Я не удержался, спросил Кибальчиша с фотоаппаратом, не Ефименко ли его фамилия? Малый подумал, что это я опять с ним так шучу и деланно рассмеялся. Потом сказал «нет», но своей фамилии не назвал. Значит, не так уж прост?

Пока выбирались из павильона на простор речной волны, ближе к фонтану — я сам себя спрашивал — зачем? Наверное, затем, что наивностью своей этот альбинос сумел затронуть мою не такую уж сентиментальную душу.

— Татусь! — окликал в это время то ли по имени, то ли по фамилии пожилую официантку бородатый бармен, — оттащи, Татусь, за кулисы «Кальвадос», хавчик на подносе и баклагу колки, придут сейчас трое из администрации, они в очереди пыхтеть не будут…

«Кулисами» здесь называлась сокрытая от чужих глаз комната для специальных приемов. Та, возле зашторенных дверей которой заседала пестрая, как хвост фазана, многоголосая компания со своим привычным московским базаром наперебой (сколько уж я их наслушался!) — о новом мэре, старом пэре, Сандунах и Ленкоме, квадратных метрах и заторах на дорогах… Уж эти премилейшие со времен Грибоедова столичные сплетни-сплетенки… Куда ж без них в любом городе и в деревне любой…

— Мы и в Москве живем, как в Китае, — слышу я до боли знакомый и вроде как захмелевший женский голос.

Даже не оглядываясь, узнаю, кому он принадлежит (все дороги ведут к Фонтану дружбы народов).
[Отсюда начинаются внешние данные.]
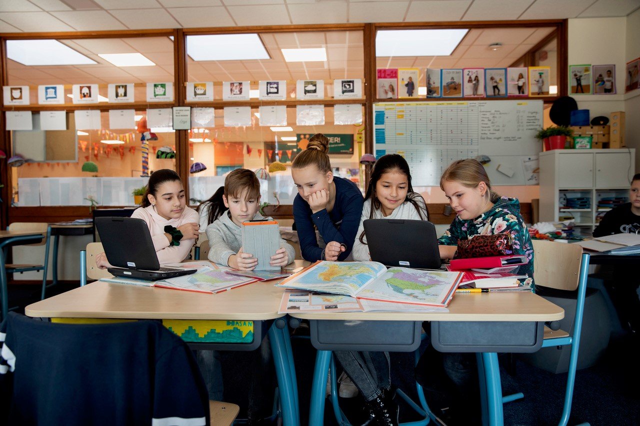 Digitale geletterdheid wordt gekoppeld aan de taalmethode. Bijvoorbeeld door de teksten die ze schrijven, digitaal te verwerken
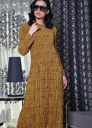 Інтернет-магазин ST-Seventeen презентує нову колекцію Style pleating, моделі якої призначені для весняного та літнього гардероба. На сайті плаття гуртом можна купити за найвигіднішою ціною, водночас з незмінно високою якістю й ексклюзивним оформленням. Ця модель допоможе створити напрочуд гарний і жіночний образ у повсякденному, міському або молодіжному стилі. Елегантне плаття гірчичного кольору має оригінальний вигляд завдяки принту в дрібний і великий горох. Воно пошите з високоякісного креп-шифону, тому гарантує комфорт і свободу рухів у будь-яких умовах. Модель має горловину-човник і довгі ушивні рукави. Фасон напівприталений, вільний, спинка та рукави задекировані за допомогою плісе.
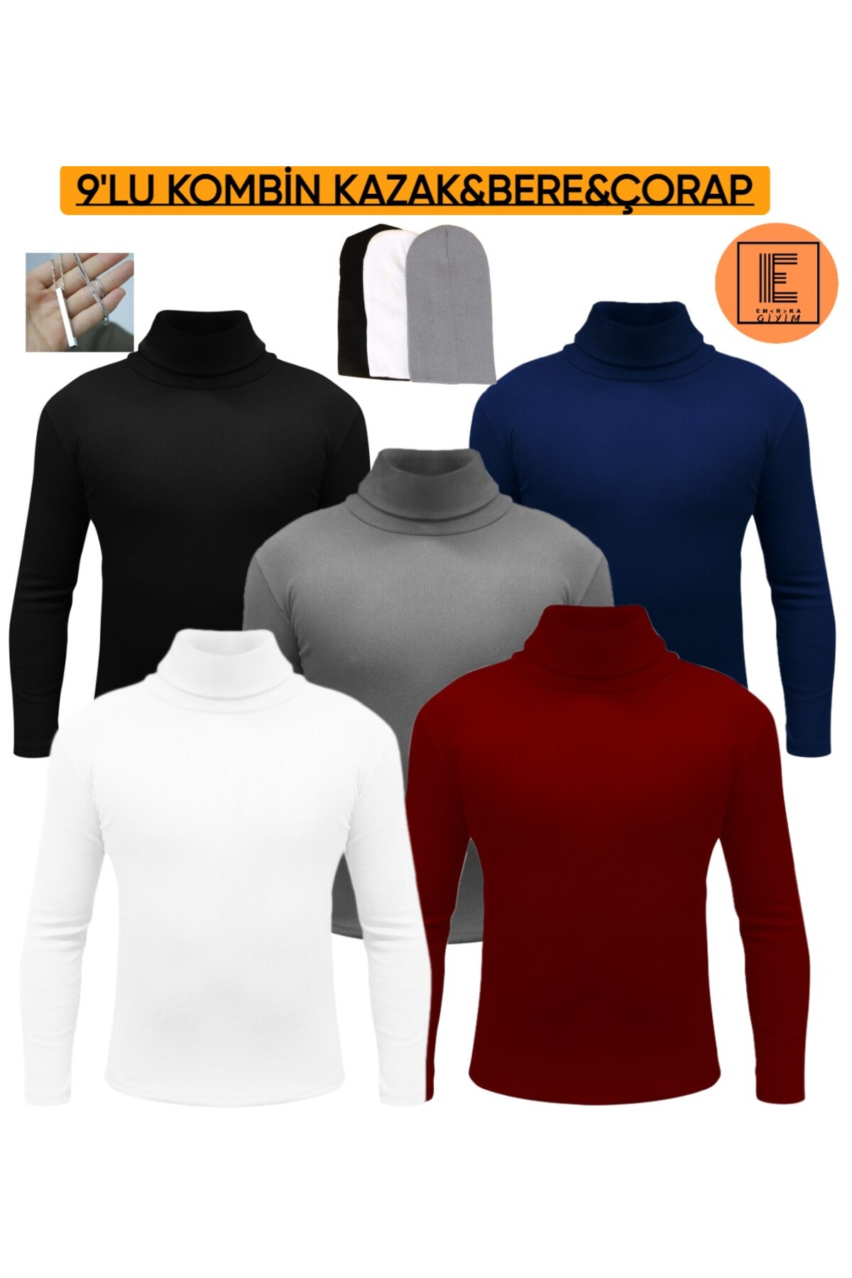 8'li kombin balıkçı yaka boğazlı kazak bere çorap 8'li kombin balıkçı yaka boğazlı kazak bere çorap sr1 2XL
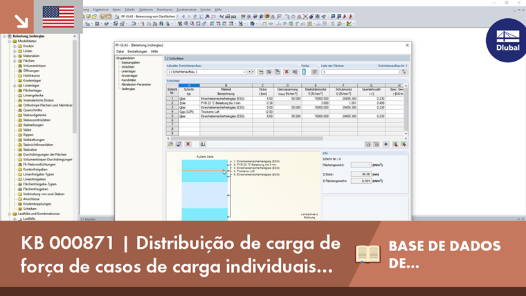 Neste caso, a carga de vento deve atuar na camada externa e a carga de proteção contra quedas deve atuar na camada interna. No RF-GLASS, é possível fundir os casos de carga individuais numa combinação de cargas (CO) e, simultaneamente, atribuir os casos de carga contidos separadamente aos diferentes lados de vidro (Tabela 1.7) e realizar o cálculo.
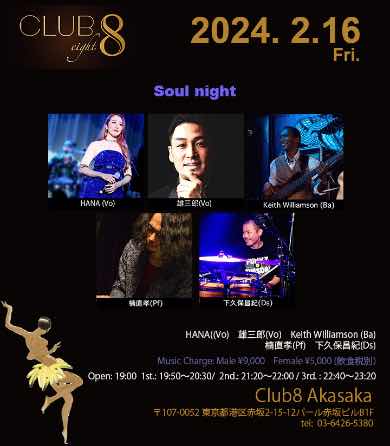 2月16日の金曜日は赤坂クラブエイト、ソウルナイト!
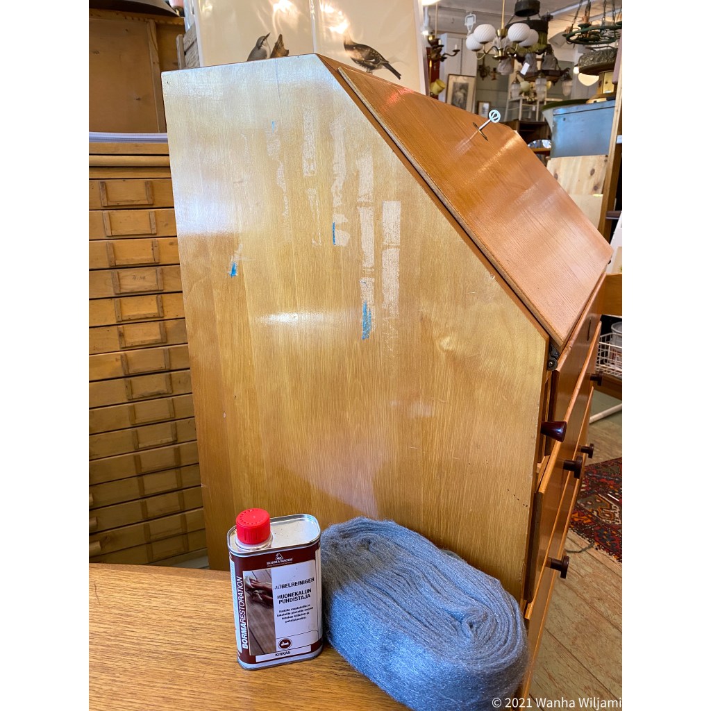 1950-luvun kalusteet tuovat mukanaan kauniita linjoja ja nostalgista tunnelmaa, mutta samalla ne vaativat hoitoa ja huolenpitoa. Lakkapintaisten kalusteiden, kuten vanhojen kirjoituslipastojen, pinnan käsittely voi olla haastavaa erityisesti silloin, kun pinnalle on jossain vaiheessa kiinnitetty teippiä. Teippi saattaa jättää jälkeensä liimatahroja tai vaurioittaa lakattua pintaa, ja jälkien poistaminen ilman vahinkoa vaatii harkittuja otteita. Tässä yksi tapa jonka avulla pääsin eroon teipin paloista ja liima jäljistä lakkapintaa vahingoittamatta.

— Смотри: в школу — дань, чиновнику — сунь, гаишнику — кинь, врачу — вынь, а зарплата — хунь!..

Дружный гогот грянул на последнем слове Виолетты (ее, чей же еще!), сидящей в центре стола, за которым правил бал разрумяненный Ясир Арафат. Спутница «гегоя» замахала ручками, даже привстала, подзывая меня к себе: «Идите, идите сюда, познакомлю с друзьями!» Я извинительно раскланялся — потом, потом, если можно, после фотосессии…

— Какая фотосессия? Жулики они! — Не стесняясь, погрозила враз оробевшему фотографу довольно внушительным для леди кулачком Виолетта. — Смотри, малец, если дядю обдуришь! Сама найду и закрою, понял?

— Слышишь, Витек, глас народа? — назидательно постучал я по плечику погрустневшего оператора. — Пипл прав?

— Так я, честно, бесплатно, пожалуйста, мое дело снять вас получше, и я это…

— Ох, ты, Витек и килька! Хитер, как астероид…

Я все-таки называл его Витьком, как вузовского братана Витю Ефименко. Но зачем еще приплел какой-то астероид? Видимо, третий залп «вискаря» начинает в мозгах активно действовать. Нет, не «вискаря», а коньяка. «Вискарь» еще впереди, за тем столиком, у Виолетты, я видел, а пока местный «Хеннеси» срабатывает. Пу-у-мм… Надо сделать царский заказ для этого стола. Где наша Татуся?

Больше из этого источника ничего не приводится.